Listed records:
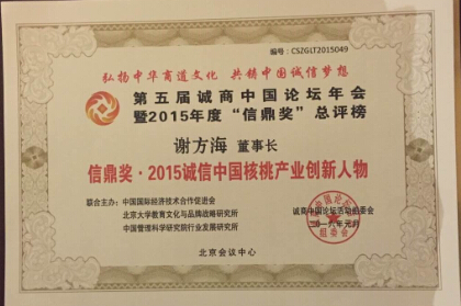 以“弘扬中华商道文化 共铸中国诚信梦想”为主题的第五届时代先锋诚商中国论坛,于年2016年1月15日在北京会议中心胜利召开,董事长谢方海获得“信鼎奖•2015诚信中国核桃产业创新人物”荣誉!
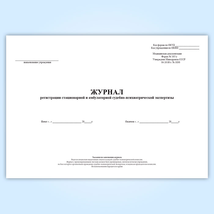 Журнал регистрации стационарной и амбулаторной судебно-психиатрической экспертизы (форма 105/у) в Твери купить
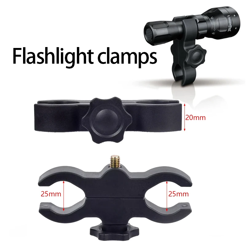 3. Material: plástico de alta calidad. Montura de plástico de alta calidad para antorchas/miras telescópicas/láseres. Montura muy versátil que se adapta a diferentes diámetros y luces de caza al mismo tiempo. La montura de alcance funciona con linternas/antorchas/miras telescópicas (especialmente adecuadas para linterna de caza de la HS-802). Amplia gama de usos, ideal para la caza.
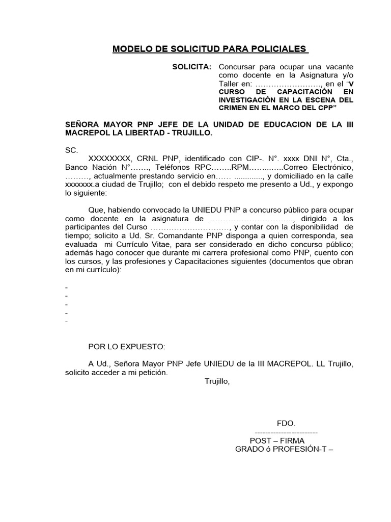 xxxxxxx.a ciudad de Trujillo; con el debido respeto me presento a Ud., y expongo
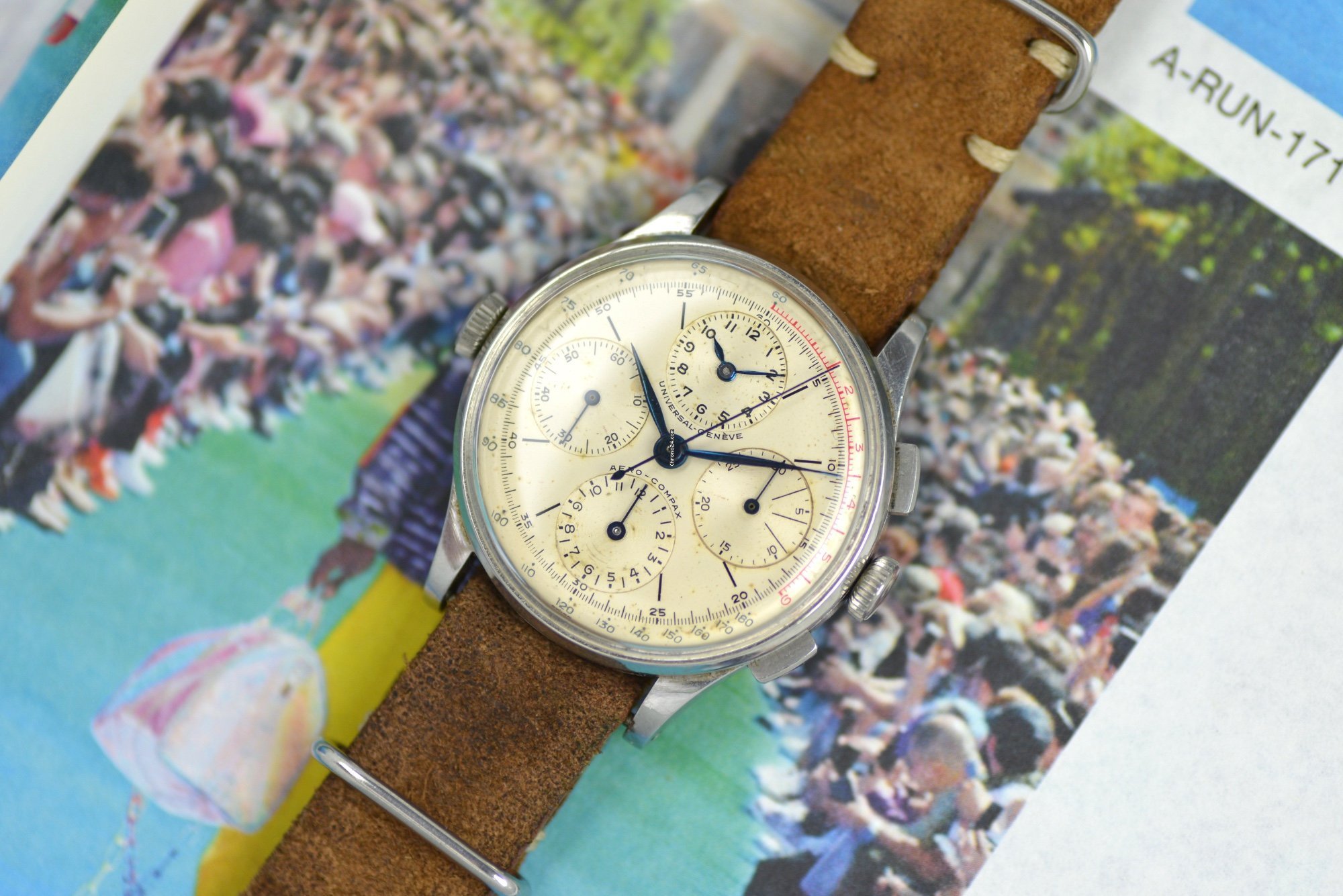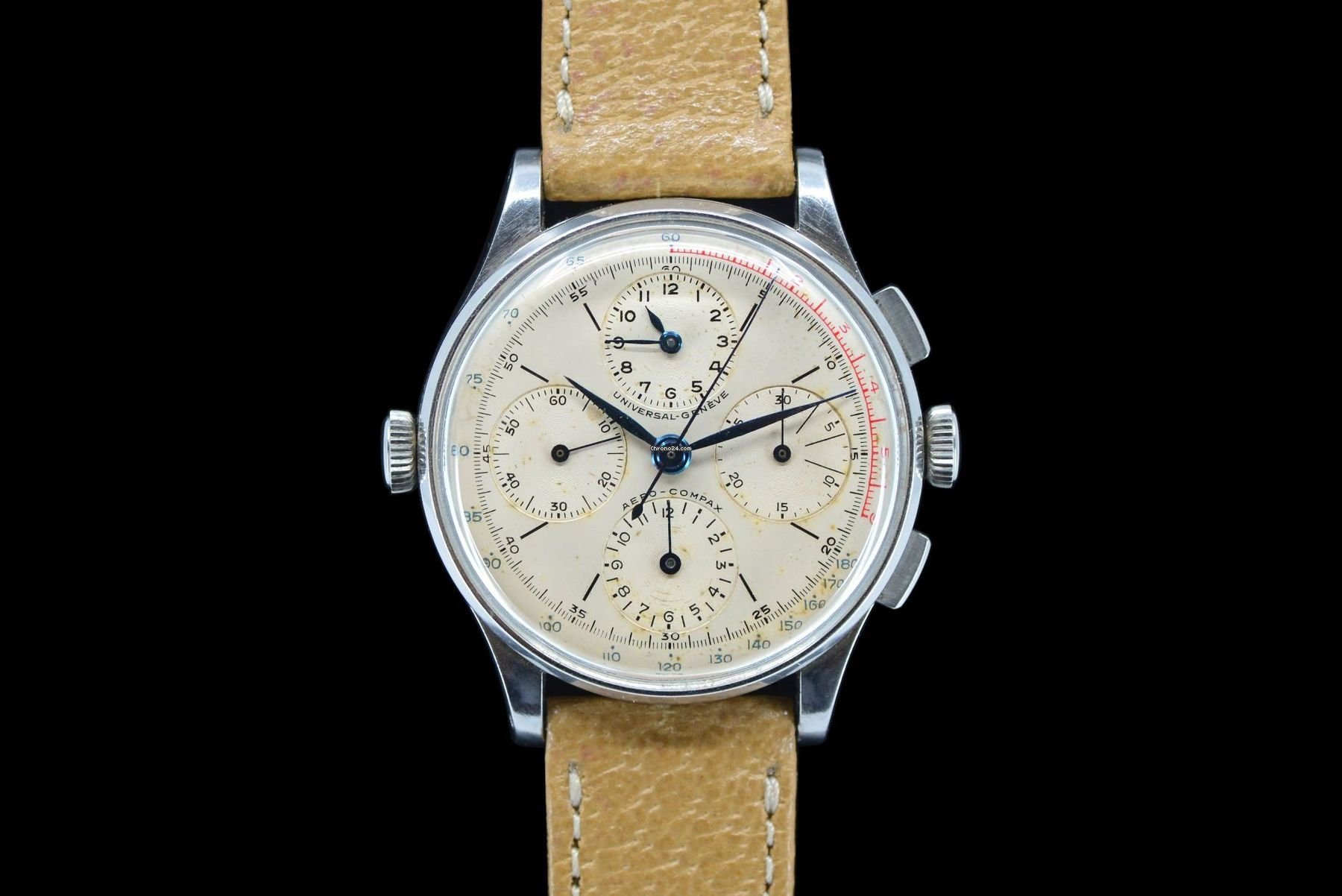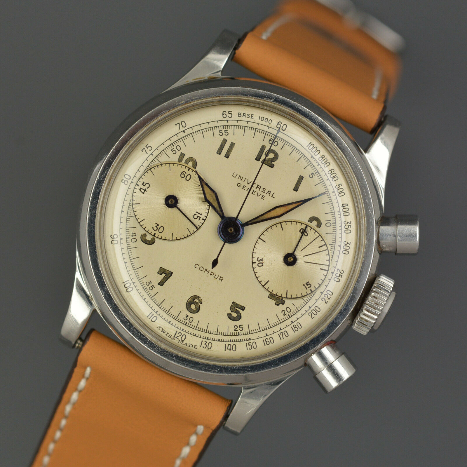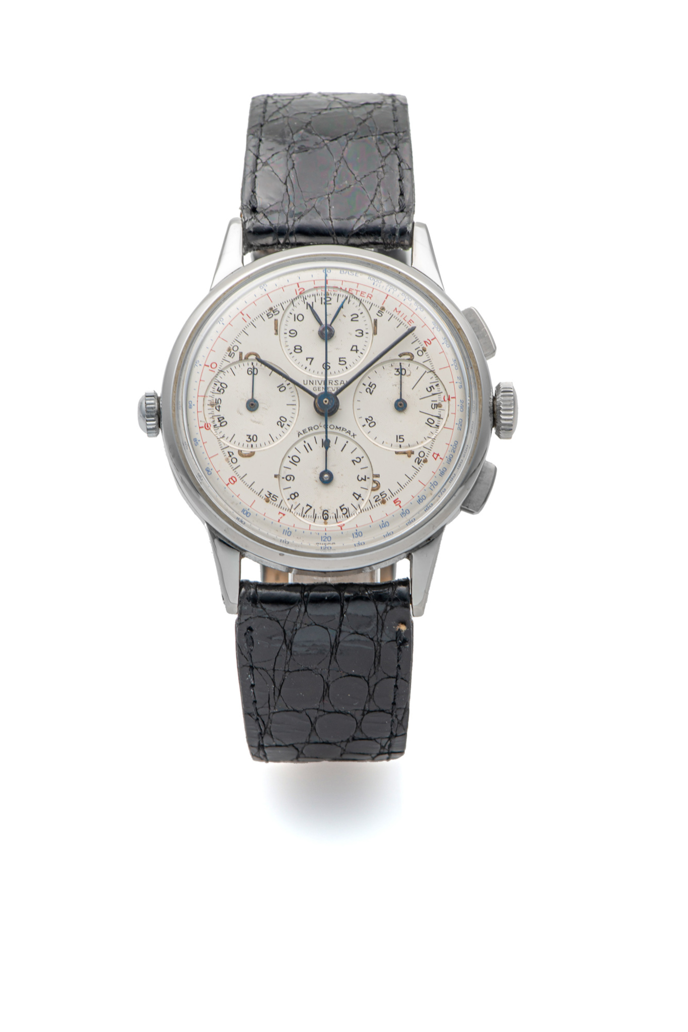 Dial: Brushed silvered, Arabic numerals, black outer 1/5th second divisions with Arabic numeral 5 minute markers, outer blue 60-1000 scale, textured subsidiary dials at 12, 3, 6 and 9 for time registration, seconds, 12 hour and 30 minute recording, blued steel dagger hands with luminous inserts, centre chronograph hand
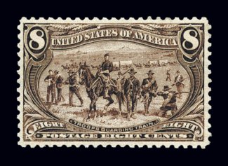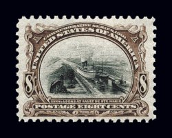 381 og 289 image#289, 8c Trans-Mississippi, unusually well centered for this always difficult stamp, deep rich color and a razor-sharp impression, o.g., barest suggestion of a hinge mark, extremely fine and quite choice; 1984 and 1991 (never hinged by omission) PF certificates, as well as a 2006 PSE certificate (VF-XF 85; SMQ $245.00). (Image) $200.00
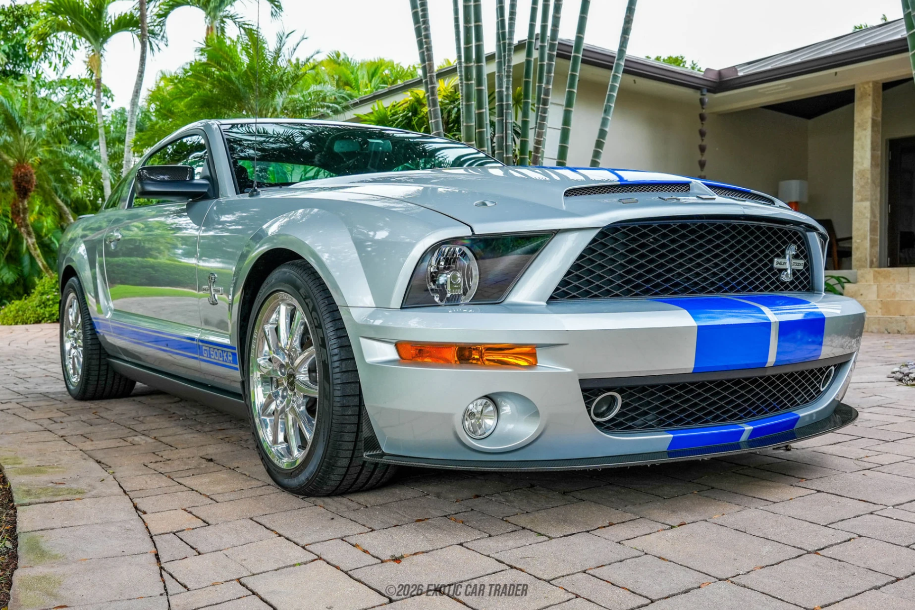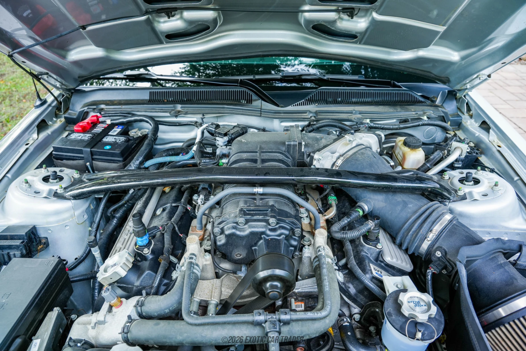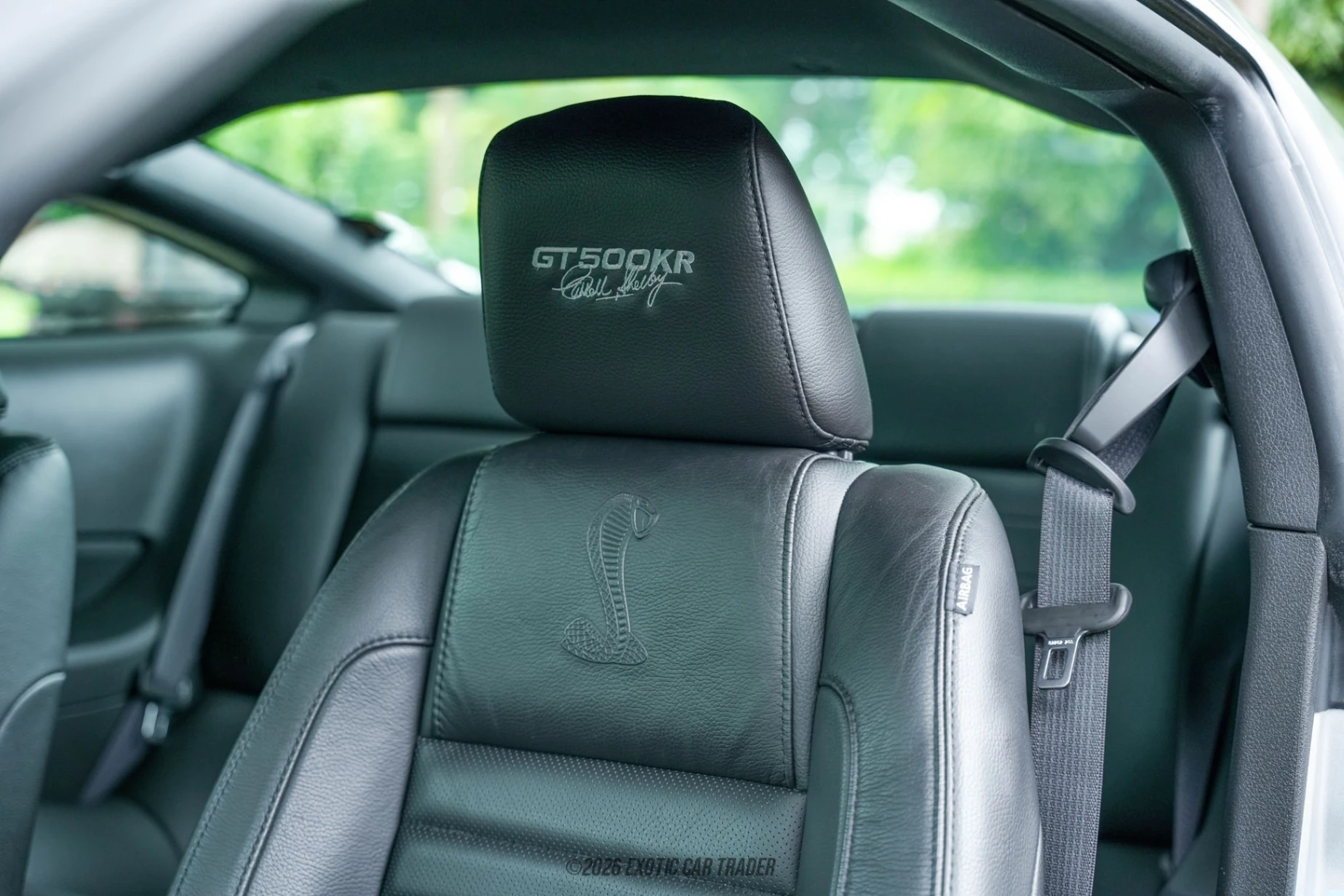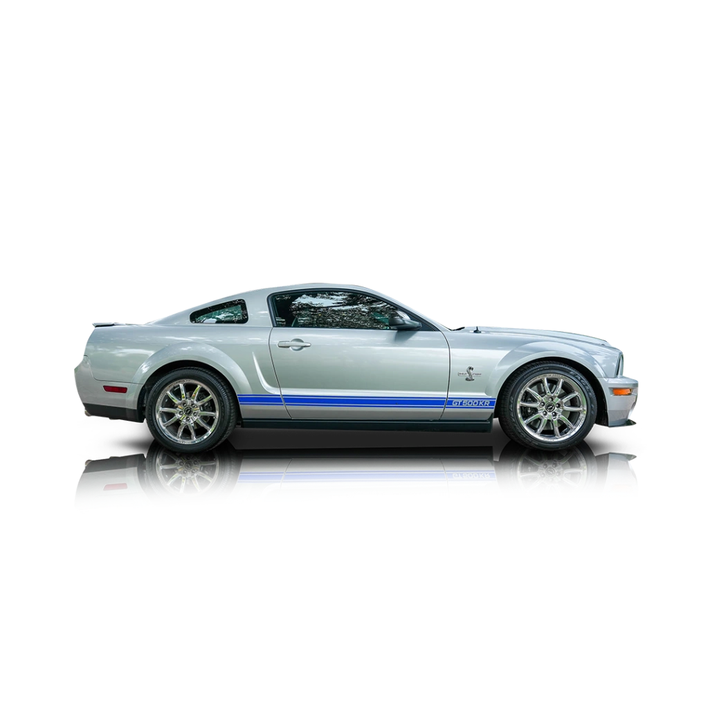 This 2009 Ford Mustang GT500KR Convertible comes in Vapor Silver Metallic, with a black power-operated convertible soft top to protect the passenger compartment when needed. The car is a menacing looker, make no mistake about it. The Shelby Racing dual over-the-top stripes are present in contrasting blue, and the 18-inch Shelby Alcoa forged aluminum wheels host high-performance tires. The hood contains sizable hood vents that are required to keep that V8 cool, and the Shelby Cobra motif stands proud on the front grille. You’ll also get a carbon fiber front and rear splitter as standard fitment. The Charcoal Black interior of this 2009 Ford Mustang GT500KR Convertible includes a numbered Shelby GT500KR interior plaque. It seats up to four adults on leather seats and offers the usual fifth-generation Mustang amenities. This includes air conditioning, a Shaker 1000 sound system with in-dash CD changer, AUX input and phone connectivity, and the usual powered amenities. Pop the trunk and the dual subwoofers occupy a little bit of space but it’s still pretty spacious.
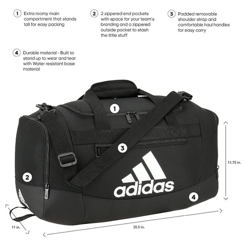 Water-resistant base material. Extra roomy main compartment that stands tall for easy packing. 2 zippered end pockets with space for your team’s branding and a zippered outside pocket to stash the little stuff. Durable material – built to stand up to wear and tear.
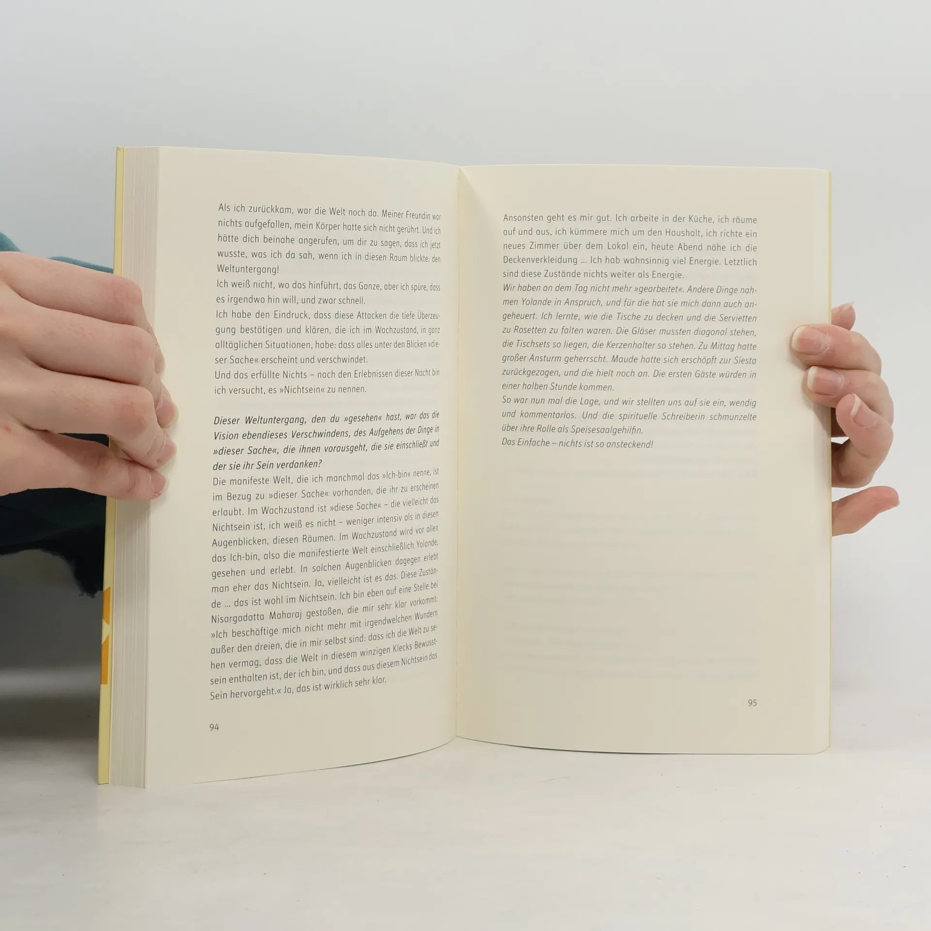 Im Grunde hat sich Yolande Duran-Serrano nicht für Spiritualität interessiert, geschweige denn meditiert. Ohne jede Vorbereitung trifft es sie an einem ganz normalen Tag mitten im Sommer. Der sehr tiefgreifende Prozess, der sich daraufhin bei ihr entfaltet, wird von ihr so ehrlich, so direkt geschildert, dass man an vielen Stellen schier Gänsehaut bekommt. Und gerade weil Yolande ohne alle Fachbegriffe spricht, spiegelt sie die Essenz sämtlicher spirituellen Traditionen in ihrer einfachen Sprache wider. Dieses einmalige Buch ist aus einem Gespräch von ungewöhnlicher Dichte und manchmal sogar Poesie entstanden. Es beschreibt die Schönheit und Freiheit der Erfahrung jenseits unseres normalen Alltagsbewusstseins. Es rührt auf manchmal verstörende Weise an, weil klar wird, dass die Persönlichkeit, die man zu sein glaubt, eine Illusion darstellt.
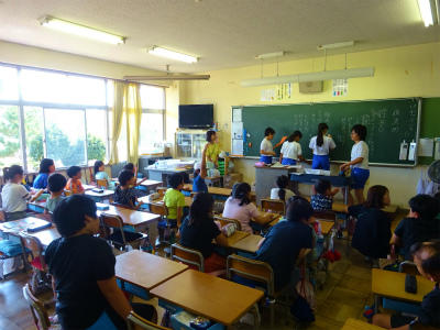 (↑ 1年生の算数の授業では、体積を比較してどちらが多いかをグループで話し合ったり、比べ方を考えたりしました。)
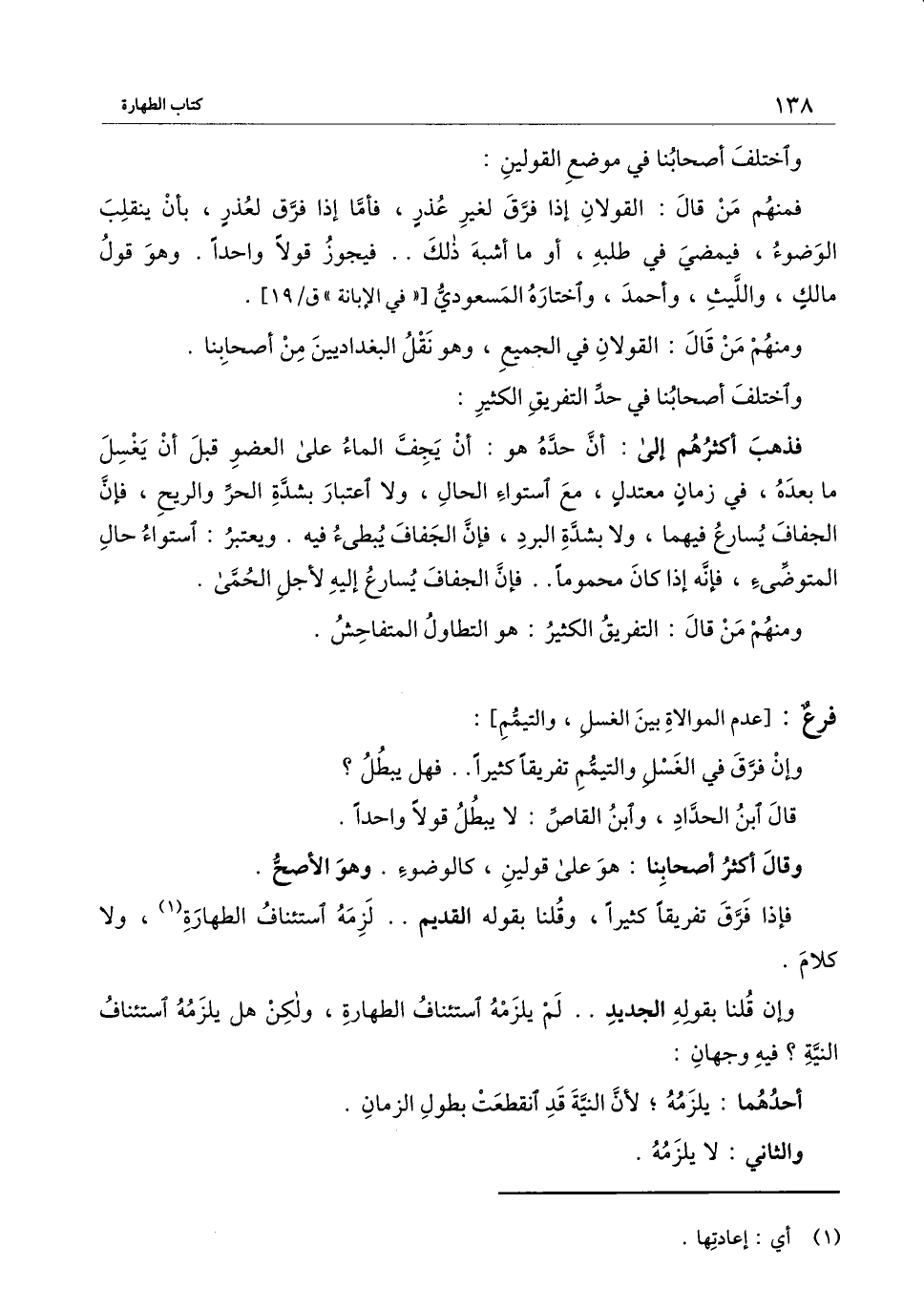 فمنهم من قال: القولان إذا فرق لغير عذر، فأما إذا فرق لعذر، بأن ينقلب الوضوء، فيمضي في طلبه، أو ما أشبه ذلك، فيجوز قولا واحدًا. وهو قول مالك، والليث، وأحمد، واختاره المسعودي [" في الإبانة " ق\19] .

Task: Excluding any pictures, print exactly the lines of the listing above from the line with "Журнал регистрации стационарной" to the line with "3. Material: plástico", both ends included.

Exercise response:
 Журнал регистрации стационарной и амбулаторной судебно-психиатрической экспертизы (форма 105/у) в Твери купить
 3. Material: plástico de alta calidad. Montura de plástico de alta calidad para antorchas/miras telescópicas/láseres. Montura muy versátil que se adapta a diferentes diámetros y luces de caza al mismo tiempo. La montura de alcance funciona con linternas/antorchas/miras telescópicas (especialmente adecuadas para linterna de caza de la HS-802). Amplia gama de usos, ideal para la caza.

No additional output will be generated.